To do:
Lift out each line of the data that holds "Cost".

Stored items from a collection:

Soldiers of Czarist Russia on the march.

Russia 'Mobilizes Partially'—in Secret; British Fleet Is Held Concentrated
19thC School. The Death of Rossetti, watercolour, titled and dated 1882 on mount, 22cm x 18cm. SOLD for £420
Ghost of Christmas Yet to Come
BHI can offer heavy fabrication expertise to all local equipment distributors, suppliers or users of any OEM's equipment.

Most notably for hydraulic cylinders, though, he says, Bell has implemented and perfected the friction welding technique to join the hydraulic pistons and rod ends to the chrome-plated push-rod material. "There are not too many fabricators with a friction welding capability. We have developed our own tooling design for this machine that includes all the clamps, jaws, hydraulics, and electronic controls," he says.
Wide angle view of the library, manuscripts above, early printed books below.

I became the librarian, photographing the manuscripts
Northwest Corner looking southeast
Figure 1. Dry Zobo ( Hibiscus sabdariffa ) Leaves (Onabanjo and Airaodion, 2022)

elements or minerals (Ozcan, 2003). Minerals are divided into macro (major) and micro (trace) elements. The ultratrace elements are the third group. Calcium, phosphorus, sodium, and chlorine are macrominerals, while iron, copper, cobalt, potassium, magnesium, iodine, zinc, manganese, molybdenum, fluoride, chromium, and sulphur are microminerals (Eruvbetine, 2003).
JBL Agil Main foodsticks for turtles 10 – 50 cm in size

---

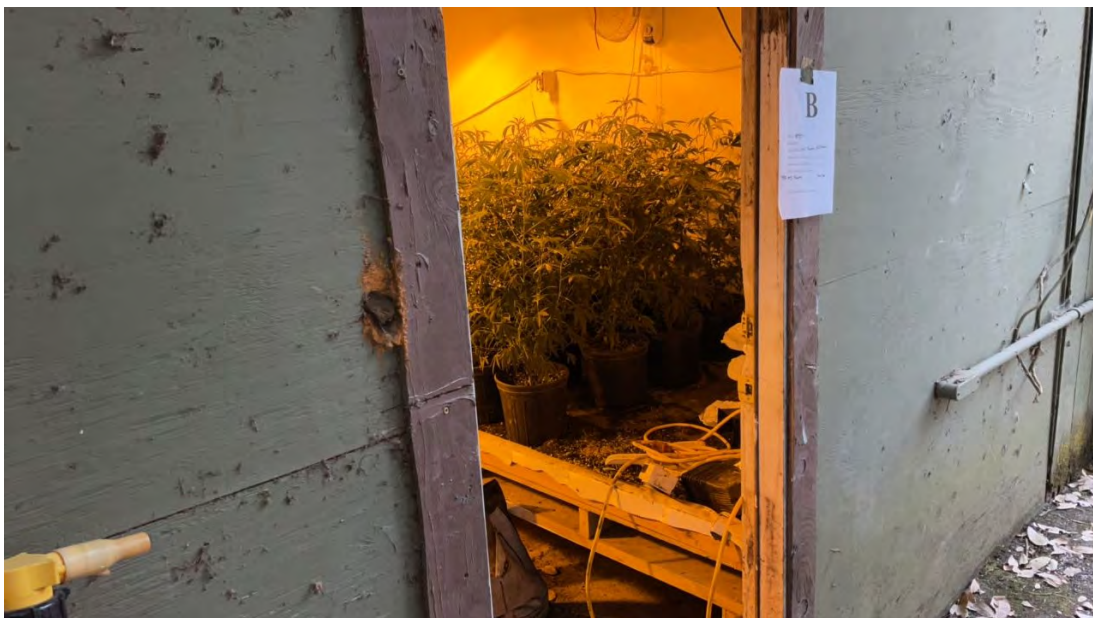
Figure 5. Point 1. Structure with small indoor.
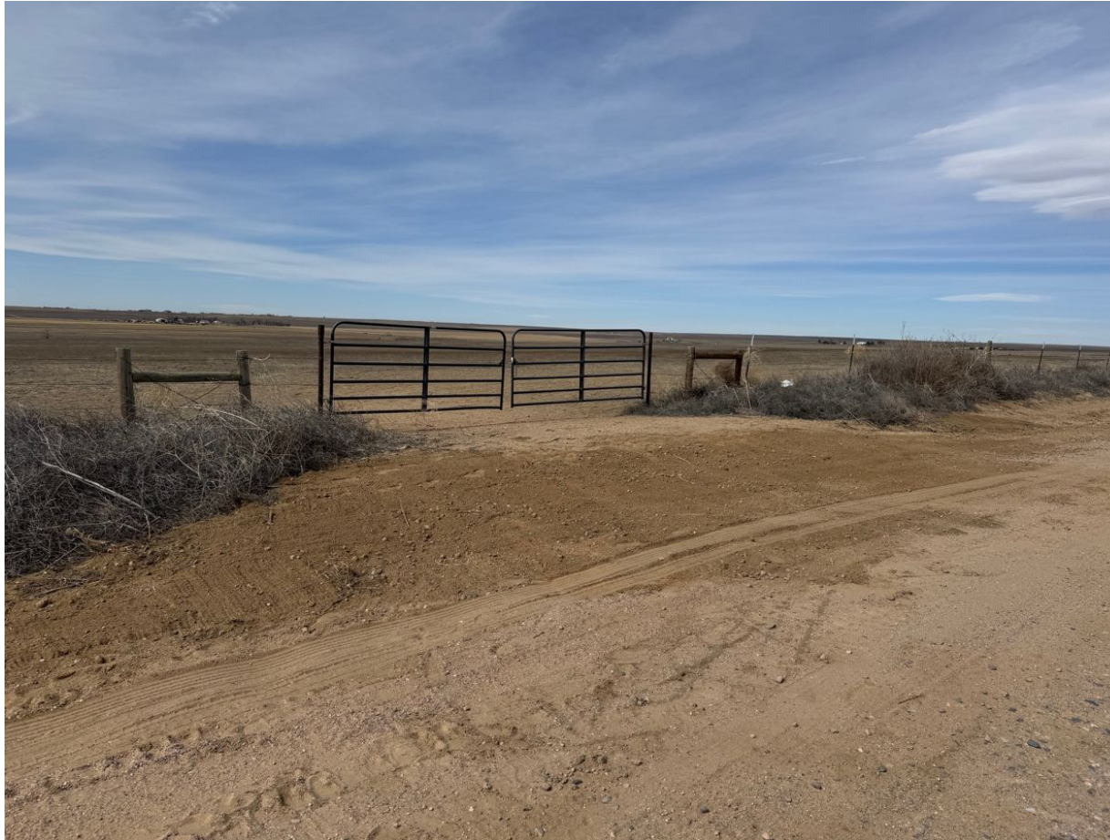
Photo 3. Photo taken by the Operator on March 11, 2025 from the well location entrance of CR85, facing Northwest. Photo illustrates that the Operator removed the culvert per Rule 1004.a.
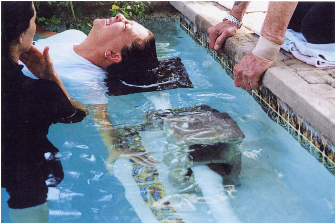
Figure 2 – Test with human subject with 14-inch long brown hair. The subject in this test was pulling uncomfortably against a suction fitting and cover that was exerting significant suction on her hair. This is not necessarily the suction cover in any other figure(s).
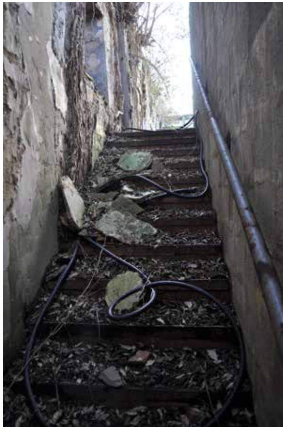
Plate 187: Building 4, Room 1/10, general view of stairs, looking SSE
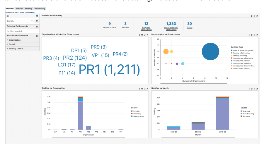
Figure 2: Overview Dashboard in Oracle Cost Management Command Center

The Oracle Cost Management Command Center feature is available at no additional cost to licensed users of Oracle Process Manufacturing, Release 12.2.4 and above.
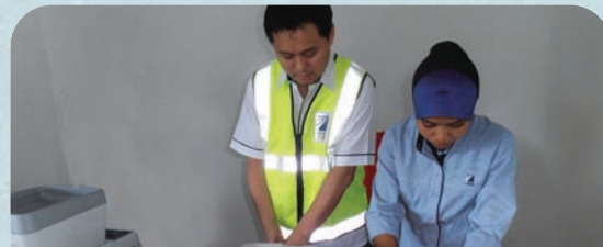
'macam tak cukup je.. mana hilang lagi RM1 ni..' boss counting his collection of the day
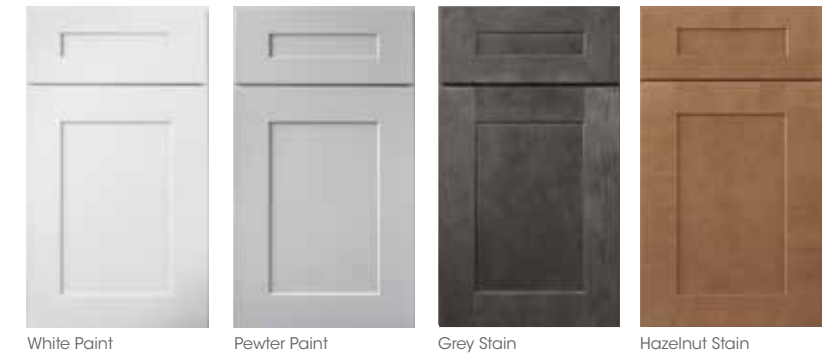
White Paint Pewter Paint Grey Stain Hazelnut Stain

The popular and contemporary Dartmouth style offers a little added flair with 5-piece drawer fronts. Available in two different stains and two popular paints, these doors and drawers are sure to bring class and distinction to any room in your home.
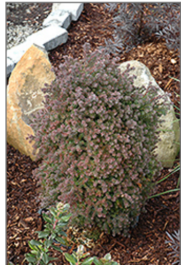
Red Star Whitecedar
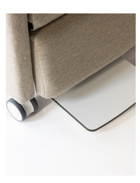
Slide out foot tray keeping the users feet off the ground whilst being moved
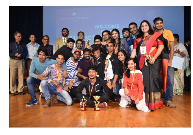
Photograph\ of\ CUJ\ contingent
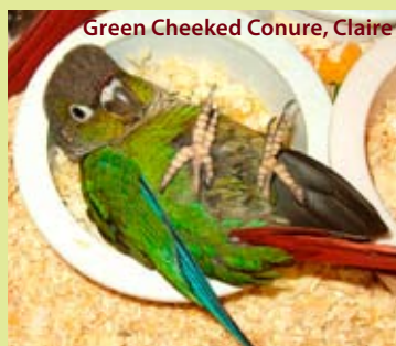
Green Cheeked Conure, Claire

Solution to this exercise:
Figure 2: Overview Dashboard in Oracle Cost Management Command Center
The Oracle Cost Management Command Center feature is available at no additional cost to licensed users of Oracle Process Manufacturing, Release 12.2.4 and above.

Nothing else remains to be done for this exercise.